Chávez Myra N, Aedo Geraldine, Fierro Fernando A, Allende Miguel L, Egaña José T
Department of Plastic Surgery and Hand Surgery, University Hospital rechts der Isar, Technische Universität MünchenMunich, Germany; Department of Biology, FONDAP Center for Genome Regulation, Faculty of Science, Universidad de ChileSantiago, Chile; Department of Biochemistry and Molecular Biology, FONDAP Advanced Center for Chronic Diseases (ACCDiS) and Center for Molecular Studies of the Cell (CEMC), Faculty of Chemical and Pharmaceutical Sciences, Faculty of Medicine, University of ChileSantiago, Chile.
Department of Biology, FONDAP Center for Genome Regulation, Faculty of Science, Universidad de Chile Santiago, Chile.
Front Physiol. 2016 Mar 8;7:56. doi: 10.3389/fphys.2016.00056. eCollection 2016.

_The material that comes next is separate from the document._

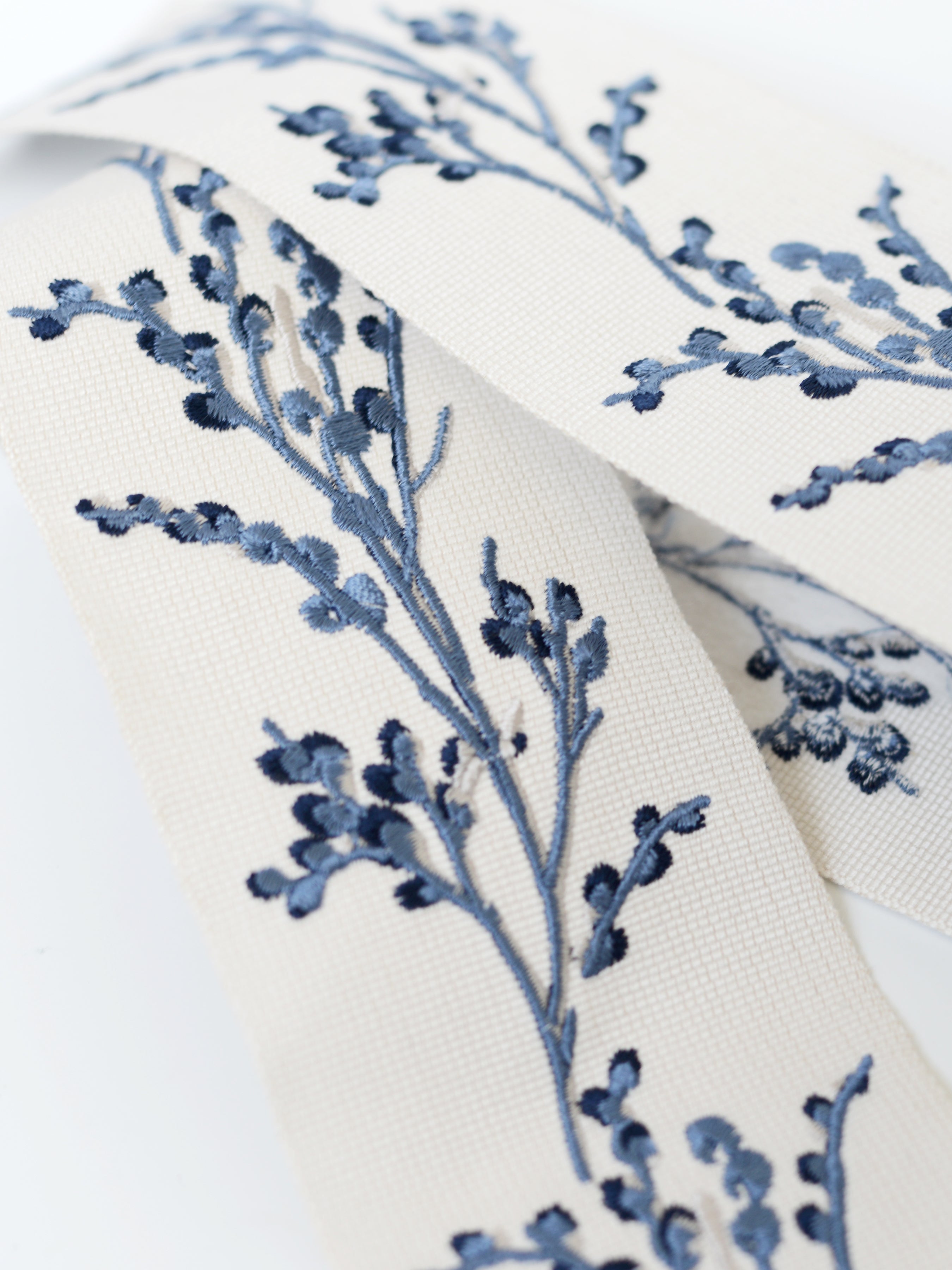 Pussy Willow print is a timeless and original Laura Ashley design, that continues to captivate admirers today. Available in an array of forms, including fabric, wallpaper, bedding, and now trimming, this iconic print perfectly encapsulates the essence of early spring with its stunning willow blooms that infuse any home décor with a touch of fresh elegance.

Angiogenesis is the process through which new blood vessels are formed from preexisting ones and plays a critical role in several conditions including embryonic development, tissue repair and disease. Moreover, enhanced therapeutic angiogenesis is a major goal in the field of regenerative medicine and efficient vascularization of artificial tissues and organs is one of the main hindrances in the implementation of tissue engineering approaches, while, on the other hand, inhibition of angiogenesis is a key therapeutic target to inhibit for instance tumor growth. During the last decades, the understanding of cellular and molecular mechanisms involved in this process has been matter of intense research. In this regard, several in vitro and in vivo models have been established to visualize and study migration of endothelial progenitor cells, formation of endothelial tubules and the generation of new vascular networks, while assessing the conditions and treatments that either promote or inhibit such processes. In this review, we address and compare the most commonly used experimental models to study angiogenesis in vitro and in vivo. In particular, we focus on the implementation of the zebrafish (Danio rerio) as a model to study angiogenesis and discuss the advantages and not yet explored possibilities of its use as model organism.
血管生成是指从已有的血管中形成新血管的过程,在包括胚胎发育、组织修复和疾病在内的多种情况中发挥着关键作用。此外,增强治疗性血管生成是再生医学领域的一个主要目标,而人工组织和器官的有效血管化是实施组织工程方法的主要障碍之一,另一方面,抑制血管生成是抑制肿瘤生长等的关键治疗靶点。在过去几十年里,对这一过程中涉及的细胞和分子机制的理解一直是深入研究的课题。在这方面,已经建立了几种体外和体内模型,以可视化和研究内皮祖细胞的迁移、内皮小管的形成以及新血管网络的生成,同时评估促进或抑制这些过程的条件和治疗方法。在这篇综述中,我们阐述并比较了体外和体内研究血管生成最常用的实验模型。特别地,我们重点介绍了将斑马鱼(Danio rerio)作为研究血管生成的模型的应用,并讨论了将其用作模式生物的优势以及尚未探索的可能性。